My long answer: After years of experience with highly-available database provision with PostgreSQL, I concluded that I don't want automatic failover. It's more practical to keep a master running and constantly replicated by slaves that can be promoted to master in migration or failure situation. However, when there is a failure situation it's so exceptional that someone really needs to understand what happened before allowing the next victim (er, database) to go on stage.
Thanks for the advice. Is there a sane setup guide here with sane defaults for the master-slave replication?
I would rather not discover afterwards that I was supposed to `ulimit` the postgres process to some CPU in order to be able to successfully kill queries that are jamming the box.
... and client libraries would need connection details for both nodes, so they can find the new master after failover.
That would be awesome, but stock Postgres only provides some of the building blocks.

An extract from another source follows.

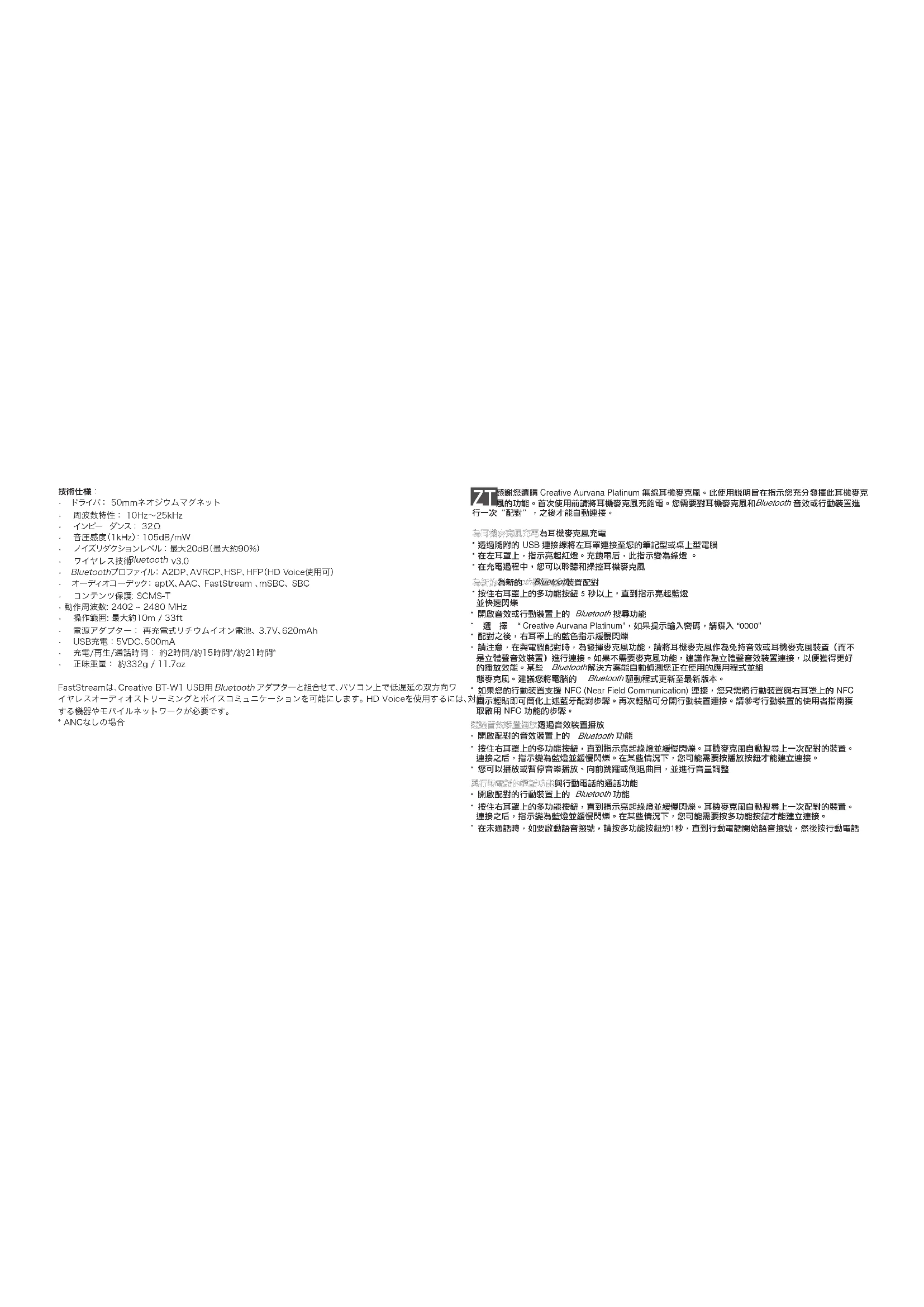 - 净重:332 克 / 11.7 盎司 FastStream 技术可搭配 Creative BT-W1 Bluetooth USB 收发器,实现低延迟、双向无线音频传输和语音 通讯 。 HD Voice 仅适用于支持的智能手机和移动网络。

For past few days I've been investigating stolon [1]. Conceptually, it makes sense to me. And so far it seems to work. But it's not simple to set up and maintain. For example, for leader election it uses etcd or consul. So initially you had one service that must not go down, --now you have two! ;-)
No, use anycast or VRRP/CARP for Postgres servers. Use a watchdog script to monitor for master failure. When it fails, the secondary/slave IP becomes live. Watchdog script should take necessary action to make it recognize it is master/writable. Clients don't have to know what happened.
Bringing the master back live and making it primary is a more difficult task. I would not want to automate this anyway as it would be too easy to shoot your foot off.
Personally I think pgBouncer is a better solution for handling the switch to the correct master during a failure. I use keepalived (VRRP) for managing my HAProxy machines and while it's certainly reliable there's more issues with it that you have to be aware of than simply flipping the connection string in pgBouncer.
By the way you don't need notify to hook into the Replication stream. It is possible to get access to the changes directly from the jdbc driver for example. Logical Replication is a big deal!